Watching this match was like watching a lot of NBA games. You can hit the snooze alarm and go back to sleep until the last five minutes – or the tiebreak as we call it in tennis – because nothing of import really happens until then, sorry to say. This is the lot of the huge servers. Not many people think they have much of a game beyond their serve.

But Karlovic does. We saw a few actual rallies. I was betting we would not see too many rallies where the ball crossed the net more than three times. We got a few more than that. Dr. Evil held his own off the ground better than Marat Safin did in the following match. He can move pretty decently for a tall tall guy, and he has nice low volleys that skim the net with a firm pace. You don’t want to see this guy get into a groove on his serve, which happened here in the semi-finals, his first signs of real life on the tour after a while off due to a knee injury. His serve is getting more honed in the further he goes.

Fish had his chances. His serve held out well, that wasn’t the problem. A few key points did him in. At 5-4 in the first set he had several chances. Karlovic threw in his first double fault of the match for 0-15, then Fish dumped a good return at Ivo’s feet that he netted. But on the next point Karlovic came to net and Fish decided he wanted to try a lob. Poor shot selection there.
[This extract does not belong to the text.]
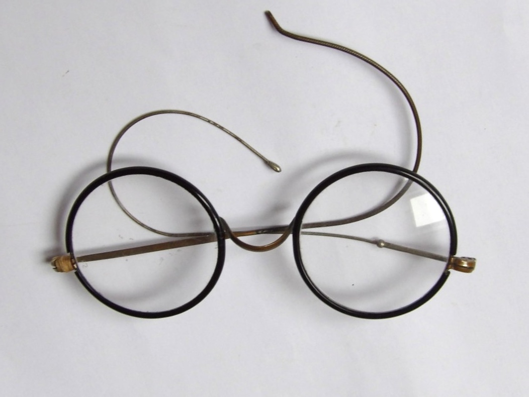 Staré kulaté brýle z období I. Československé republiky. Kovová konstrukce s černě lakovanými kruhovými obroučkami, tenké kovové nožičky typu zahnuté za uši (bez kloubů pružné). Brýle jsou osazeny čirými skly, kvalitní zabalejí je samozřejmostí, dobírka Packeta 5,-€.

I thought for sure he would go up the line to Karlovic’s backhand. Not many lobs get over guys this tall, and Karlovic put it away easily. Then a moment later Fish got a rare gift: a second serve out to his forehand, but he netted it. Karlovic held on to his serve, and into the tiebreak they went. Here Fish’s backhand let him down, he knocked one long and another into the net. His serve was fine, it was the ground game that let him down. Ivo grabbed the tiebreak 7-2.

In the second set a few moments early on caused Fish to give up the break. “It’s not over yet,” yelled a woman in the stands. Oh yes it is, said I to myself. Ivo kept motoring along with those powerful serves and nobody was going to make a dent in them on this day. 7-6(2), 6-4 was the final score.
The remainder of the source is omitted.